Some get thrown on a shaker rig, some get thrown on drivetrain dynos and run mercilessly 24 hours a day through a pre-programmed testing regimen (replete with ultra-shitty "weather" across the gamut). Others end up in vehicle development engineers hands like my buddy Dave Coleman at Mazda. There are at least a couple, if not dozens, of these guys at every car company. They flog vehicles on test courses for months. Once they're fairly confident in the vehicle, they go out in public either heavily disguised, or in low populated areas in the hands of these engineers and others on the team (powertrain especially). The startups (like Rivian) tend to "disguise" their mules with super bright wraps, but there are gazillions of miles of testing amongst dozens or hundreds of mules.
Every vehicle that goes out has a gazillion data-logging sensors on it.
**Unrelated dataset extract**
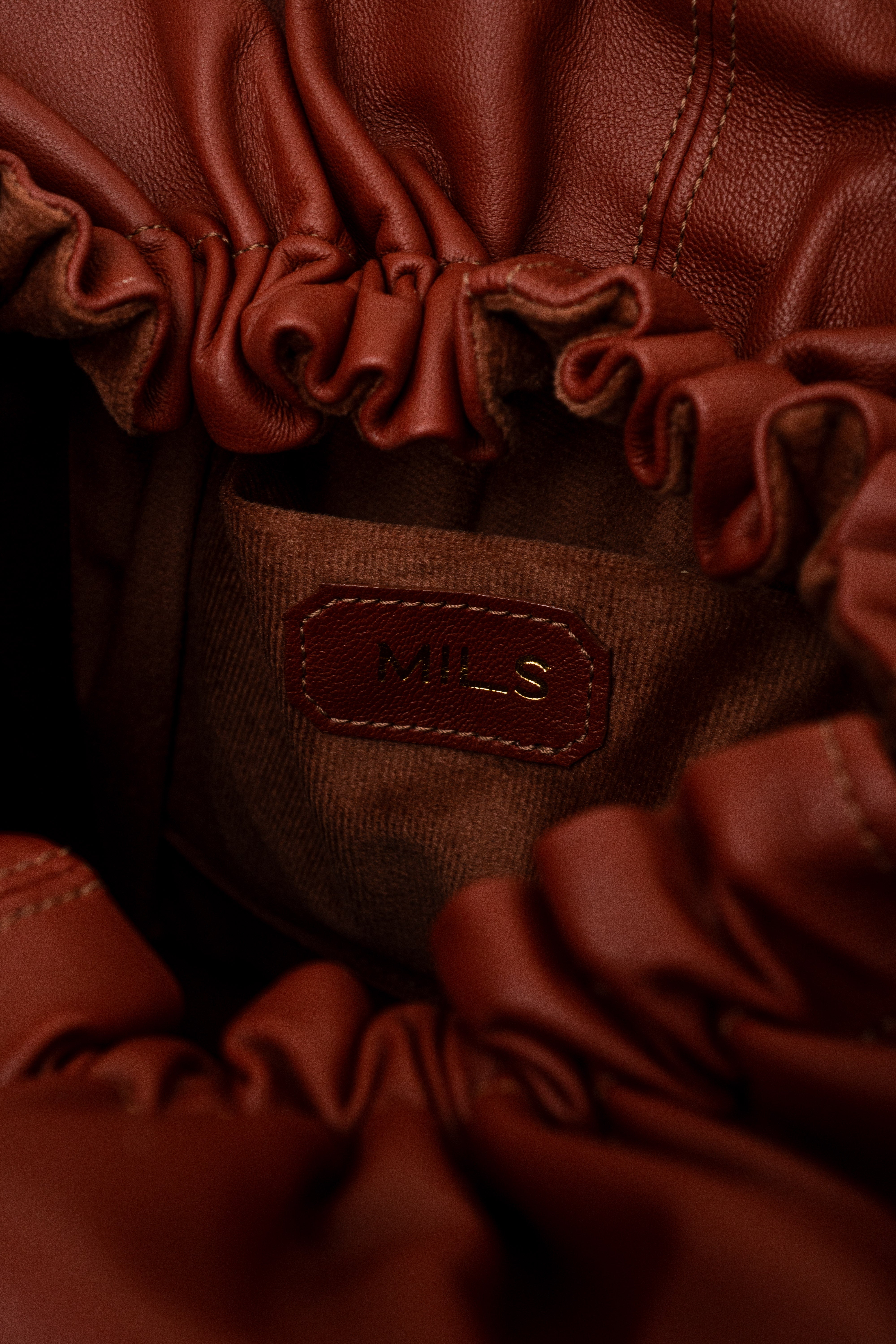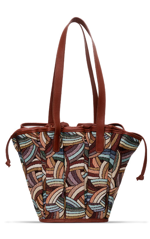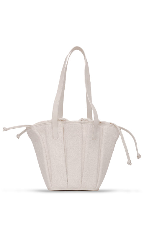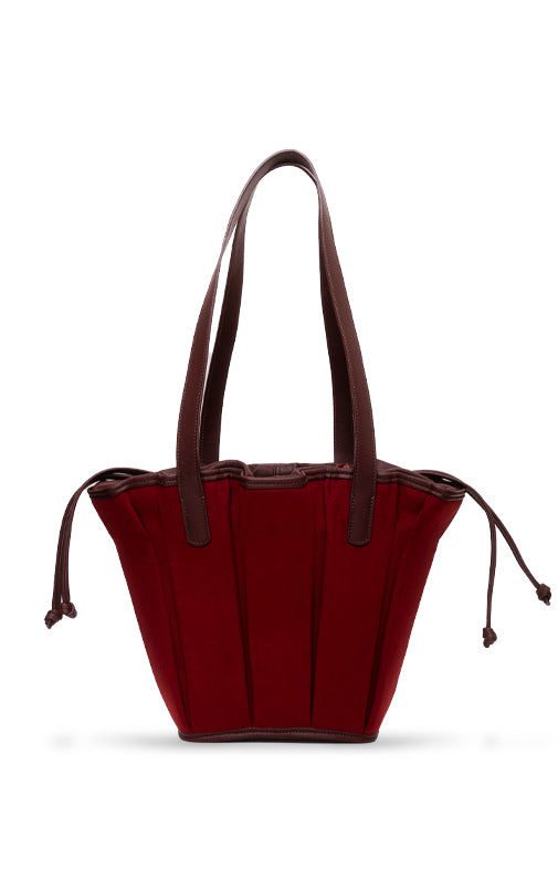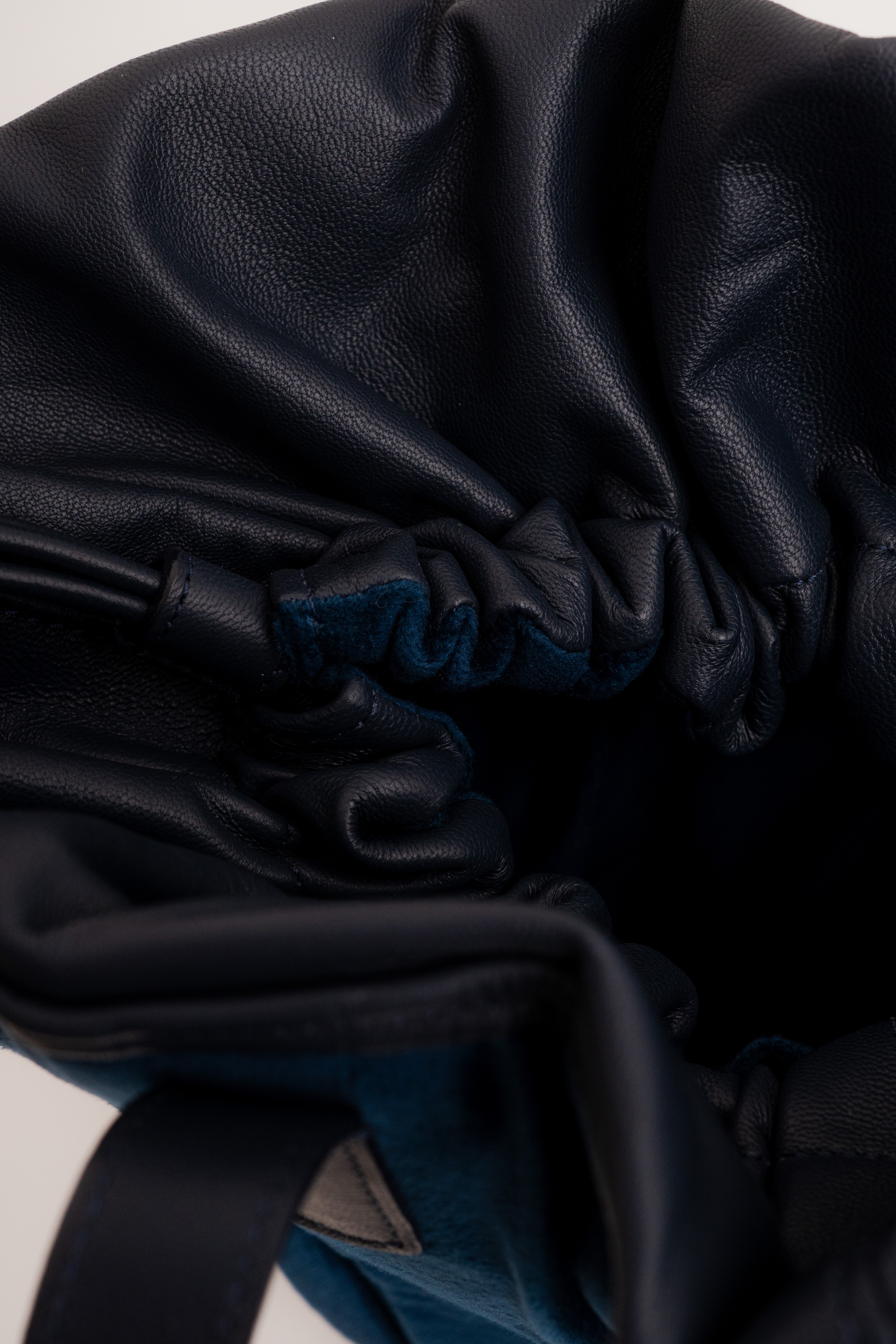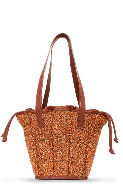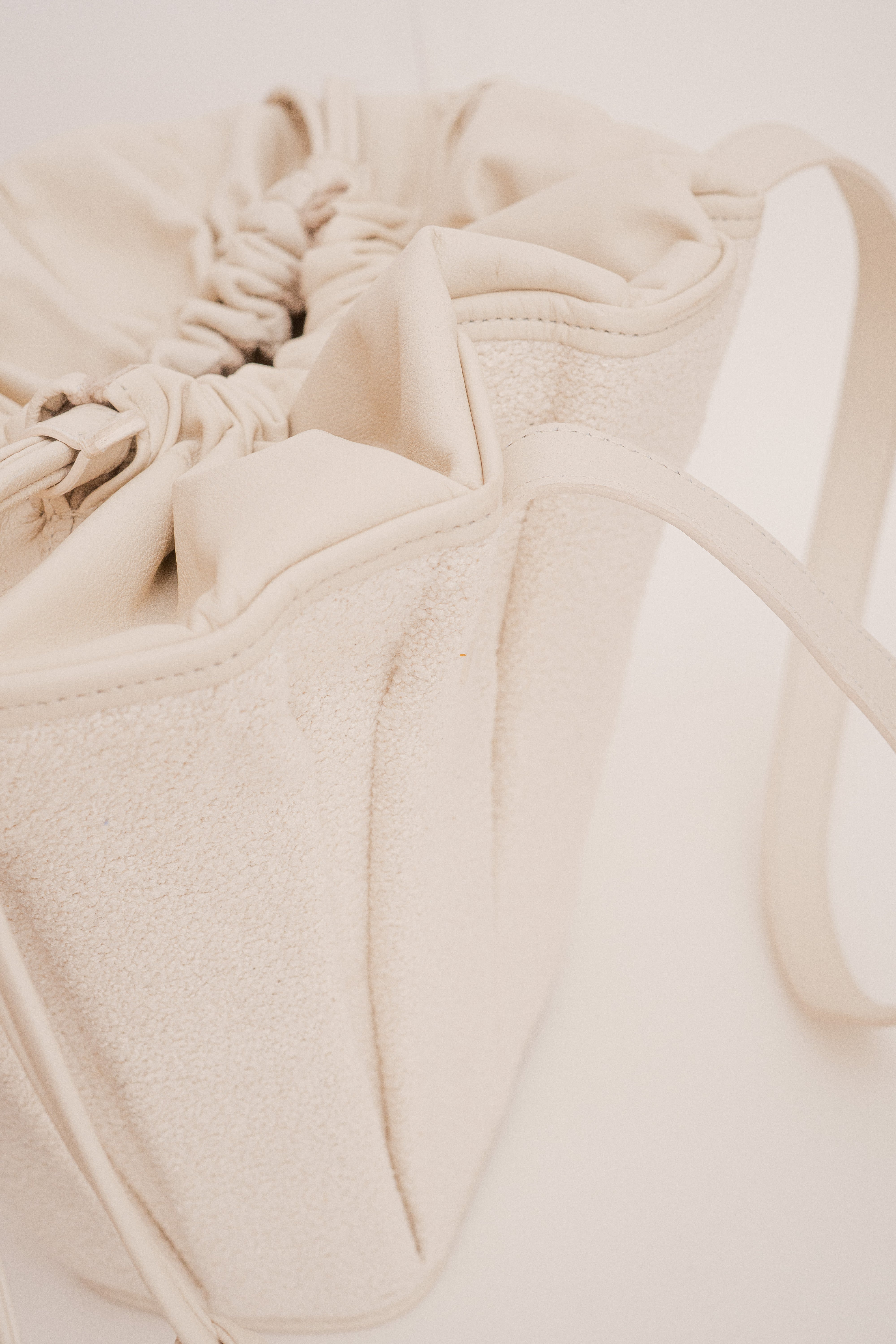 A bolsa Space possui um formato que lembra um pequeno guarda-chuva devido ao trabalho feito `a mão de dobradura. É uma peça sofisticada devido a mistura de materiais nobres e também extremamente criativa.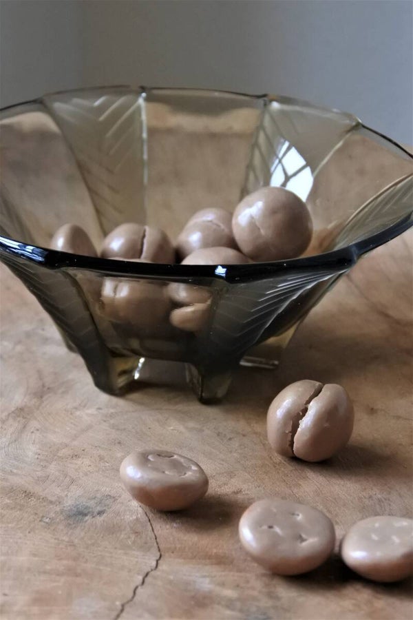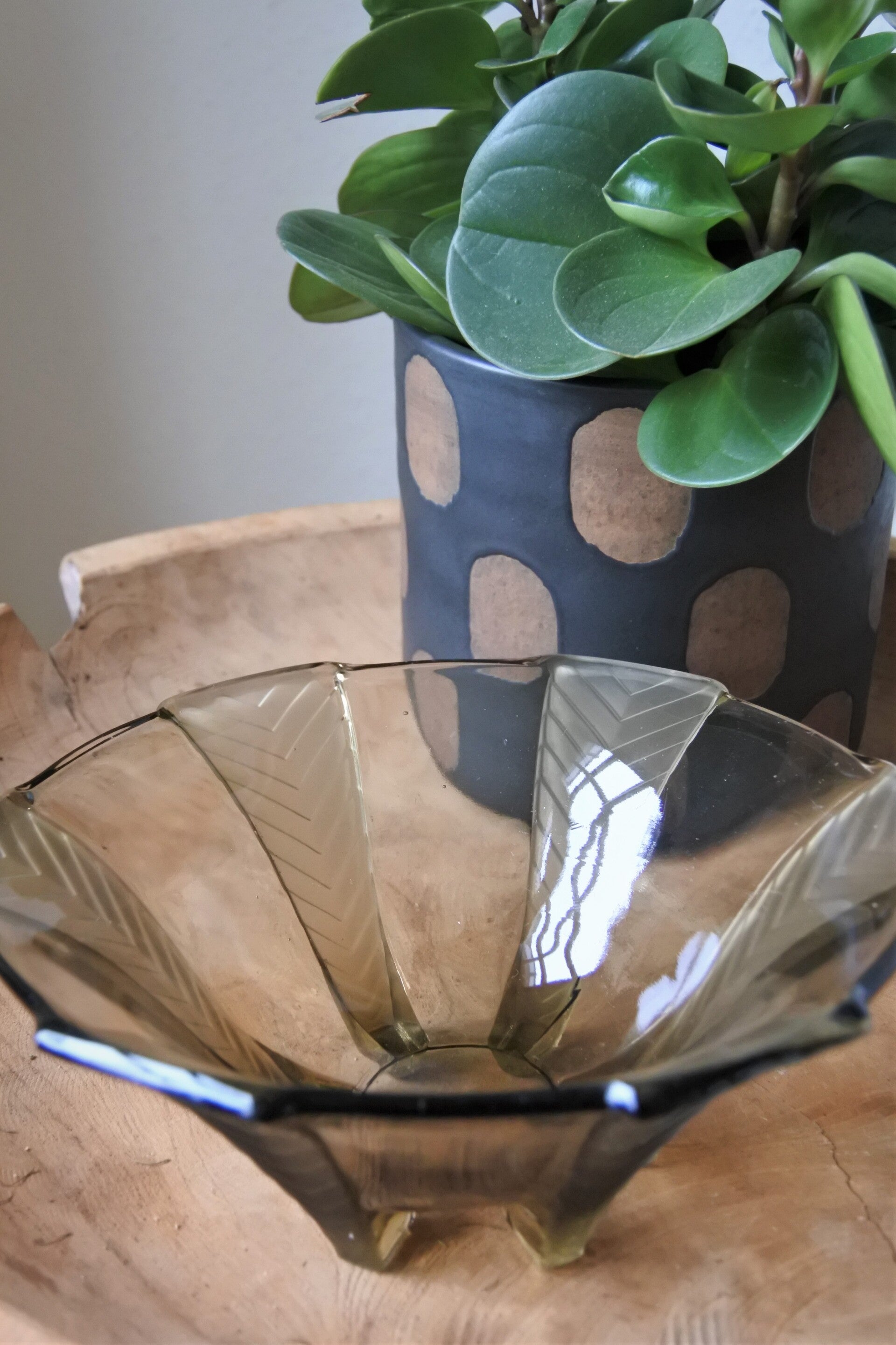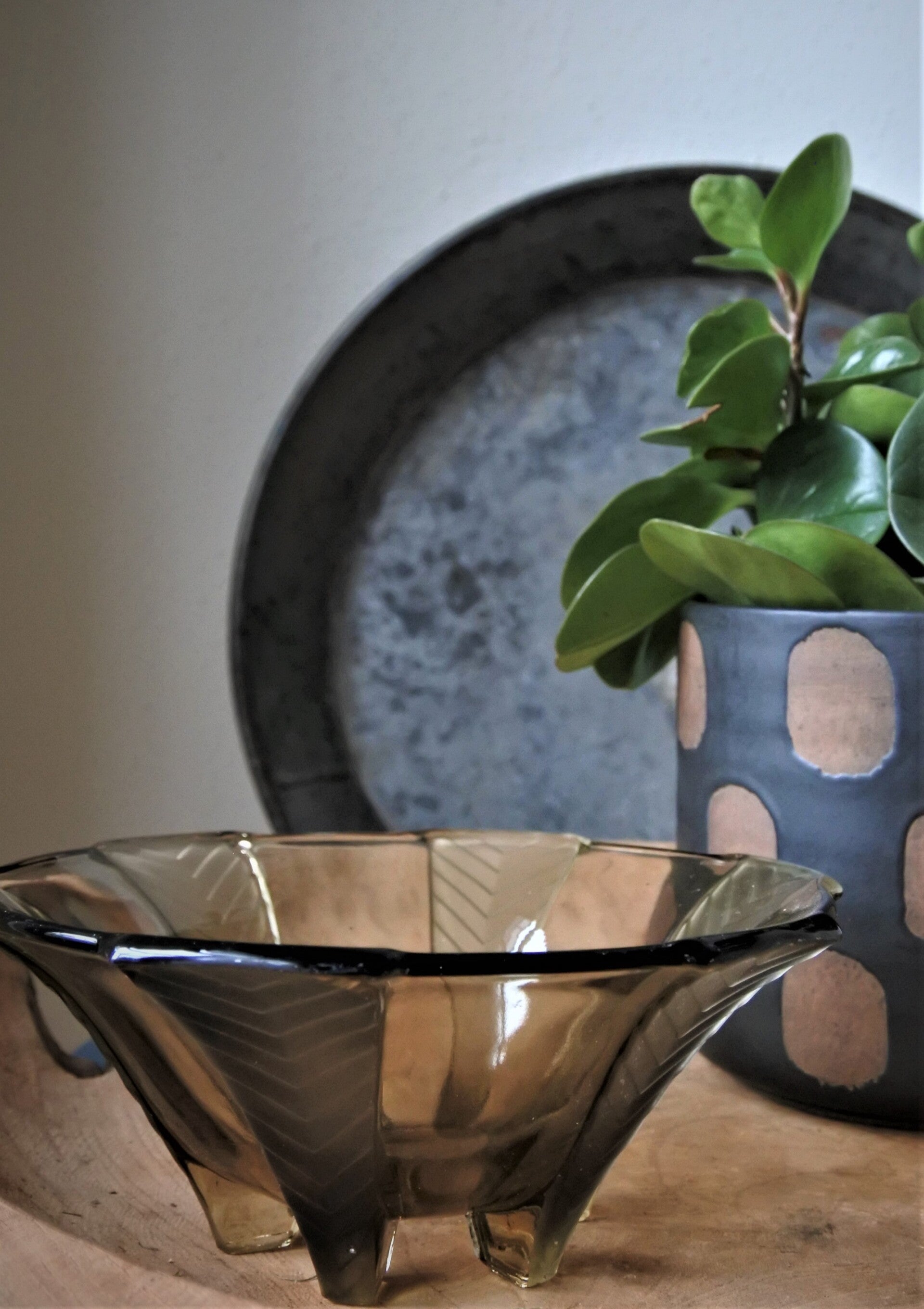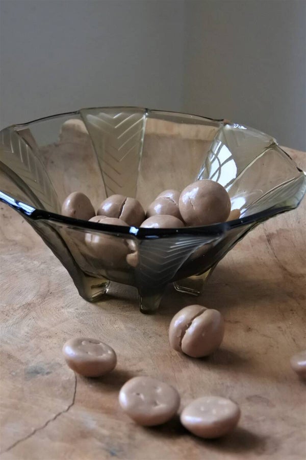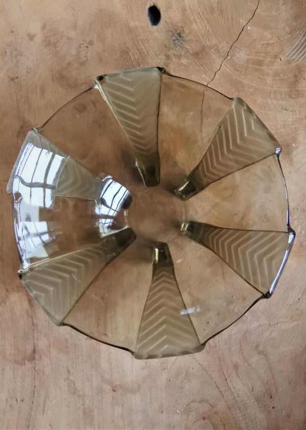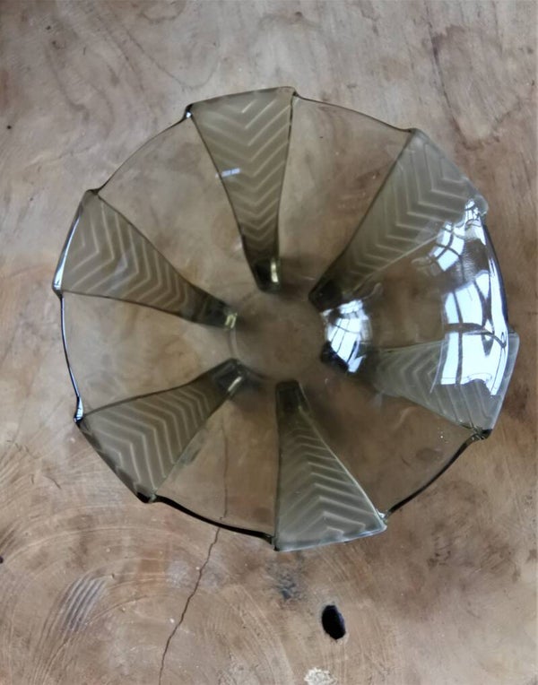 Deze mooie vintage schaal van geperst rookglas is van Walther & Söhne en heeft die echte art deco look van vroeger. De bowl is elegant door de geometrische patroon pootjes, komt uit de Athene serie en is zelfs nog terug te vinden in hun catalogus uit 1934.. nog even wachten (ca. 13 jaar.. ach de tijd vliegt joh) en je hebt zelfs een echt antiek item in handen!

An engineer notices something, he snap-shots the time period, and they all go back and quantify it in the data. There's enough computing on-board a development mule to shoot a team into space. When one of my longest friends (chief 12VDC engineer at Rivian) stopped by with an R1T that wasn't to start FRP for over a year, there was kilowatts of dataloggers on the thing (and it was still nauseatingly fast). The one he brought by was production drivetrain, batteries, suspension and frame, but the body was hand built and the entire interior was 3D printed. "Please don't slam the doors, they're made of chit ABS."
There's a LOT that goes into making a mass-produced vehicle. A near equal amount (and often more) goes into an engine line. All of this costs money and we end up paying for it when we purchase the vehicle. Despite all of that investment and data, chit slips by (looking at you Polaris). All of this sunk cost in testing is why you see chintzy welds, or thin tubing, or whatever else: all of it costs money, there's only so much you can bake into a vehicle. Compromises have to be made everywhere.